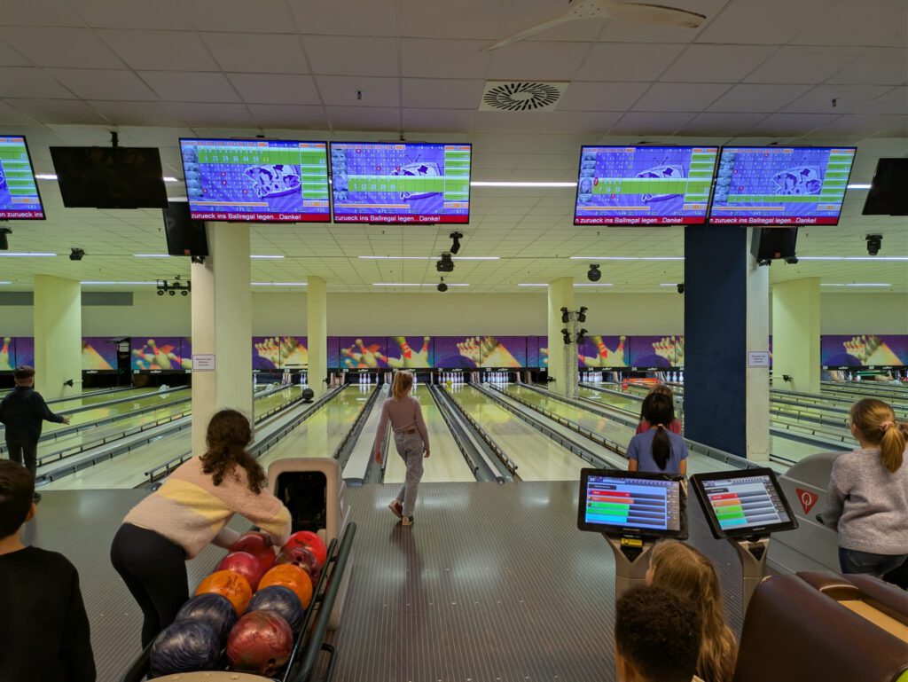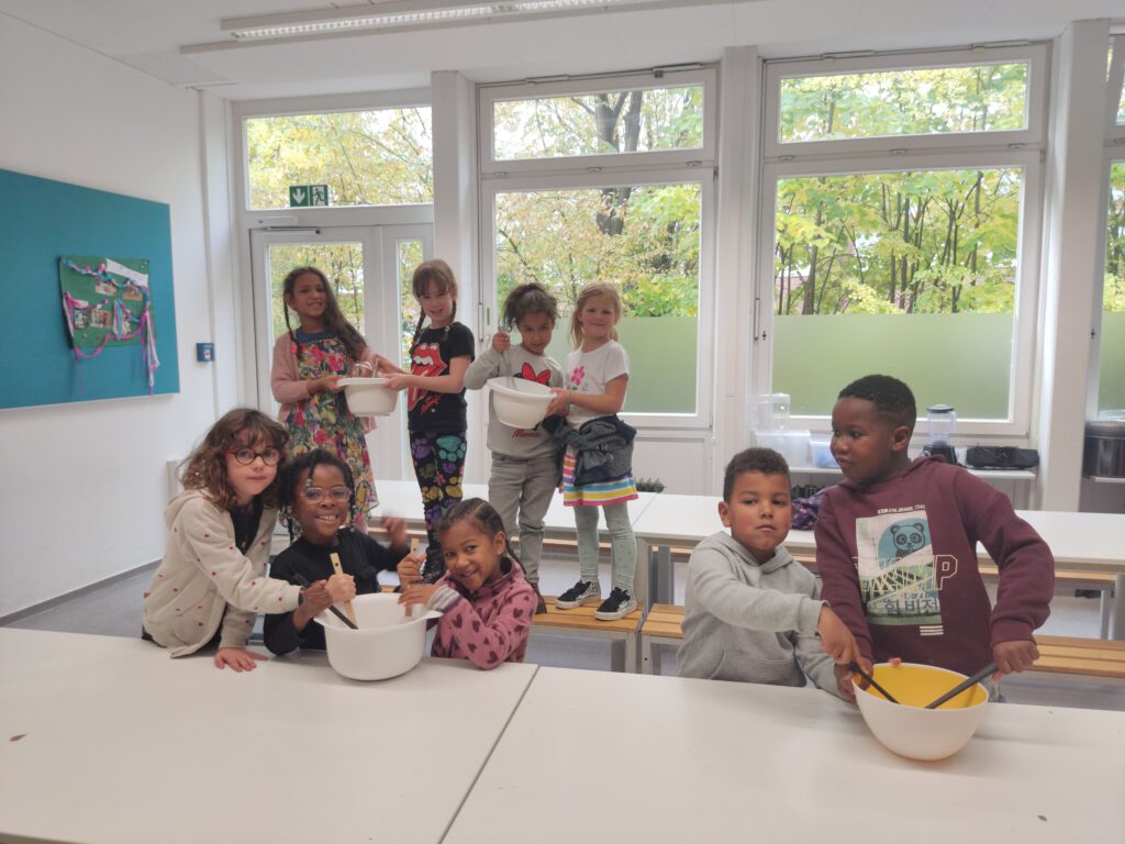 Les vacances d’automne ont été un véritable succès pour nous tous. Les enfants comme nous, les éducateurs et éducatrices, avons passé un merveilleux moment, ponctué de rires, de découvertes et d’activités créatives. Malgré une météo automnale capricieuse, nous avons gardé notre bonne humeur et profité au maximum de chaque journée. Nous avons bricolé ensemble et mis en œuvre de nombreuses idées créatives. Bien sûr, nous avons également anticipé Halloween avec impatience, et quelques petites œuvres d’art sur le thème d’Halloween ont vu le jour. Notre stage de breakdance, auquel ont participé une vingtaine d’enfants, a été un moment fort tout particulier. Avec beaucoup d’énergie, le sens du rythme et un esprit d’équipe, les enfants ont répété des mouvements géniaux et ont finalement présenté une chorégraphie impressionnante. Le public était enthousiaste et a applaudi bruyamment. Un véritable succès pour nos petits danseurs et danseuses ! Notre fête d’Halloween a eu lieu juste après. L’ambiance était fantastique, il y avait beaucoup de bonbons et tout le monde a dansé et ri avec enthousiasme lors du jeu « Stopptanz ». La fête a été très appréciée par tous et a clôturé la journée en beauté. Nos excursions ont également rendu ces vacances spéciales. Tout le monde s’est beaucoup amusé au bowling et lors de la visite de l’aquarium tropical, les enfants ont été fascinés par les animaux passionnants et le monde sous-marin impressionnant.
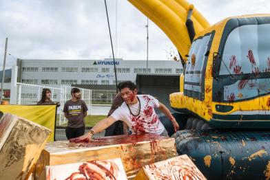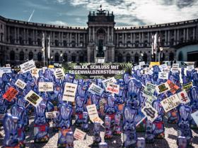 • Mit 316 symbolischen Milka-Schokohasen protestieren Greenpeace-Aktivist:innen am Wiener Heldenplatz gegen Waldzerstörung und Menschenrechtsverletzungen entlang der Lieferkette von Milka.
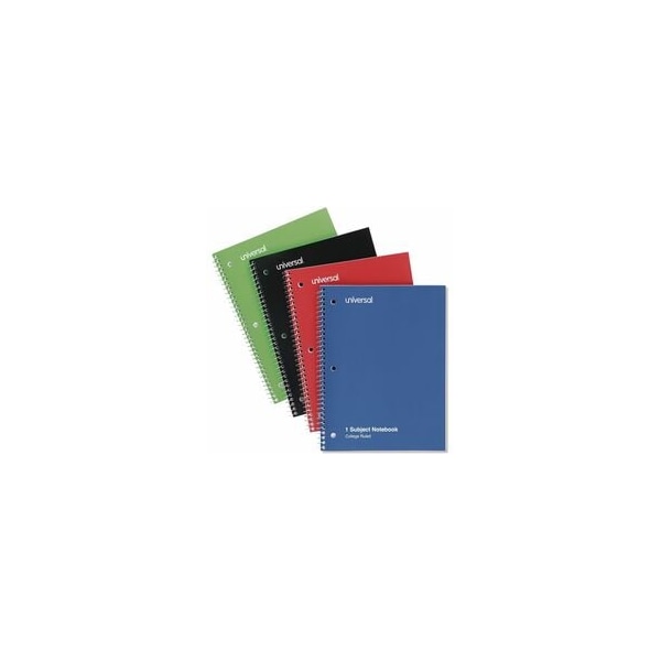 Universal Wirebound Notebook, 1 Subject, Medium/College Rule, Assorted Color Covers, 10.5 x 8, 70 Sheets, 4/Pack
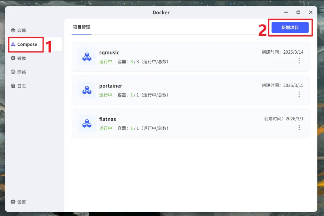 🔺然后点击极空间NAS的“Docker”应用,点击【Compose】 > 【新增项目】。
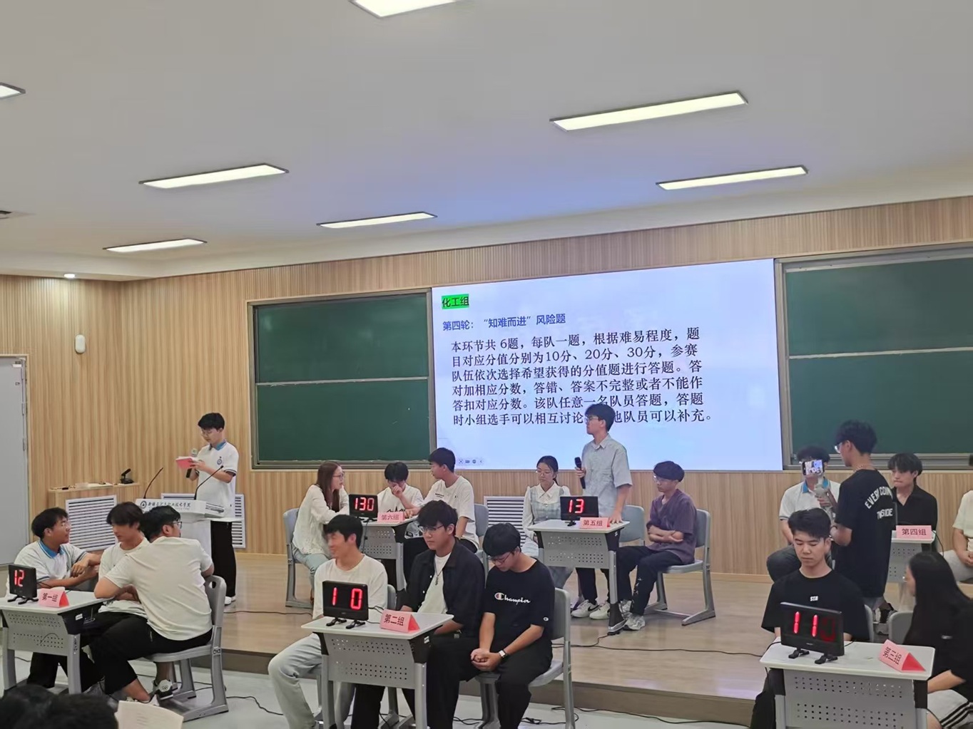 本次竞赛经过前期初赛、复赛的层层选拔,来自化工专业和食品专业的12支队伍脱颖而出。决赛现场气氛热烈,参赛队伍展现出了扎实的理论功底与灵活的应变能力。必答题环节,面对“食品添加剂分类标准”“化工反应热力学计算”等专业提问,各队选手对答如流,彰显扎实基础;抢答题环节,选手们踊跃抢答,比分交替攀升;风险题环节,面对“结合“双碳”目标,分析“食品加工中的节能技术路径”等开放性题目,选手们沉着分析、分层论述,专业教师对选手们的精彩表现表示肯定。经过激烈比拼,食品科学与工程231班与环境监测232班凭借优异表现,荣获本次专业知识竞赛一等奖。李晓华书记勉励同学们说:“把课本里的知识转化为实践中的能力,努力成长为懂理论、会创新、能担当的高素质应用型人才。”

*Exercise goal*
If a record holds a picture, leave the picture out and transcribe everything else exactly.

*Finished task*
 Les vacances d’automne ont été un véritable succès pour nous tous. Les enfants comme nous, les éducateurs et éducatrices, avons passé un merveilleux moment, ponctué de rires, de découvertes et d’activités créatives. Malgré une météo automnale capricieuse, nous avons gardé notre bonne humeur et profité au maximum de chaque journée. Nous avons bricolé ensemble et mis en œuvre de nombreuses idées créatives. Bien sûr, nous avons également anticipé Halloween avec impatience, et quelques petites œuvres d’art sur le thème d’Halloween ont vu le jour. Notre stage de breakdance, auquel ont participé une vingtaine d’enfants, a été un moment fort tout particulier. Avec beaucoup d’énergie, le sens du rythme et un esprit d’équipe, les enfants ont répété des mouvements géniaux et ont finalement présenté une chorégraphie impressionnante. Le public était enthousiaste et a applaudi bruyamment. Un véritable succès pour nos petits danseurs et danseuses ! Notre fête d’Halloween a eu lieu juste après. L’ambiance était fantastique, il y avait beaucoup de bonbons et tout le monde a dansé et ri avec enthousiasme lors du jeu « Stopptanz ». La fête a été très appréciée par tous et a clôturé la journée en beauté. Nos excursions ont également rendu ces vacances spéciales. Tout le monde s’est beaucoup amusé au bowling et lors de la visite de l’aquarium tropical, les enfants ont été fascinés par les animaux passionnants et le monde sous-marin impressionnant.
 • Mit 316 symbolischen Milka-Schokohasen protestieren Greenpeace-Aktivist:innen am Wiener Heldenplatz gegen Waldzerstörung und Menschenrechtsverletzungen entlang der Lieferkette von Milka.
 Universal Wirebound Notebook, 1 Subject, Medium/College Rule, Assorted Color Covers, 10.5 x 8, 70 Sheets, 4/Pack
 🔺然后点击极空间NAS的“Docker”应用,点击【Compose】 > 【新增项目】。
 本次竞赛经过前期初赛、复赛的层层选拔,来自化工专业和食品专业的12支队伍脱颖而出。决赛现场气氛热烈,参赛队伍展现出了扎实的理论功底与灵活的应变能力。必答题环节,面对“食品添加剂分类标准”“化工反应热力学计算”等专业提问,各队选手对答如流,彰显扎实基础;抢答题环节,选手们踊跃抢答,比分交替攀升;风险题环节,面对“结合“双碳”目标,分析“食品加工中的节能技术路径”等开放性题目,选手们沉着分析、分层论述,专业教师对选手们的精彩表现表示肯定。经过激烈比拼,食品科学与工程231班与环境监测232班凭借优异表现,荣获本次专业知识竞赛一等奖。李晓华书记勉励同学们说:“把课本里的知识转化为实践中的能力,努力成长为懂理论、会创新、能担当的高素质应用型人才。”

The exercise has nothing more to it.